- Born: London, England, UK
- Education: University of Wales, Swansea
- Occupations: Entertainment journalist and broadcaster

= Melanie Bromley =

British journalist

Melanie Bromley is an American-based British-born entertainment journalist and broadcaster who is currently Head of News Operations & Chief News Correspondent for E! News, where she covers celebrity news.

==Early life and education==

Bromley attended the University of Wales, Swansea where she earned a Bachelor of Science undergraduate degree in Geography. She then continued her education at City University, London attaining a master's degree in Broadcast Journalism, specializing in financial journalism.

==Career==
Bromley became the European Bureau chief for Us Weekly in 2003, overseeing all international news coverage for the magazine. In 2007, she moved to Los Angeles, California to take up the role of West Coast Bureau Chief.

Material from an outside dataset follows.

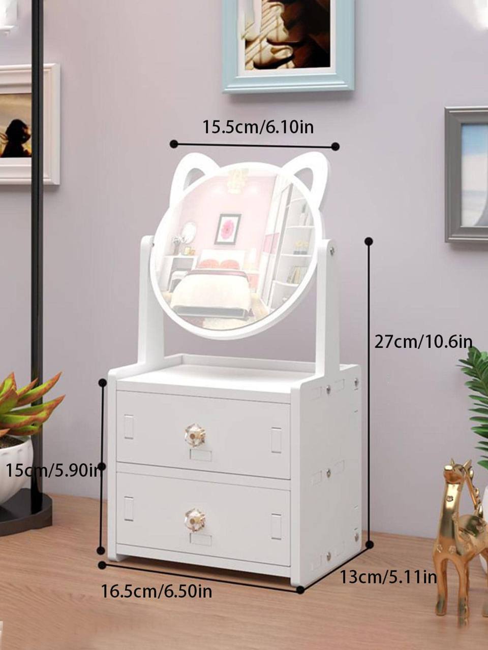 وصف المنتج : ✔️ صندوق تخزين الماكياج عصري مع مرآة للنساء لتنظيم المجوهرات |

In 2012, Bromley joined E! News and E! Online as Senior Correspondent, overseeing newsgathering across both platforms. Four months after joining E!, she was promoted to Senior Managing Correspondent. In 2014, Bromley was promoted again to Chief News Correspondent.

In her role Bromley regularly appears on a variety of shows across the network from E! News, Live From E! and E! News specials. She helped spearhead coverage of the 2012 Olympic Games in London, and the birth of Prince George.

Bromley also appears as a pop culture expert on other U.S. networks and in her native UK. She has been featured on CNN, Good Morning America, The Today Show, BBC, Sky News and Daybreak among many others. Bromley has also been quoted in the Washington Post,
Financial Times, The Sunday Times of London, Vanity Fair and other international print publications.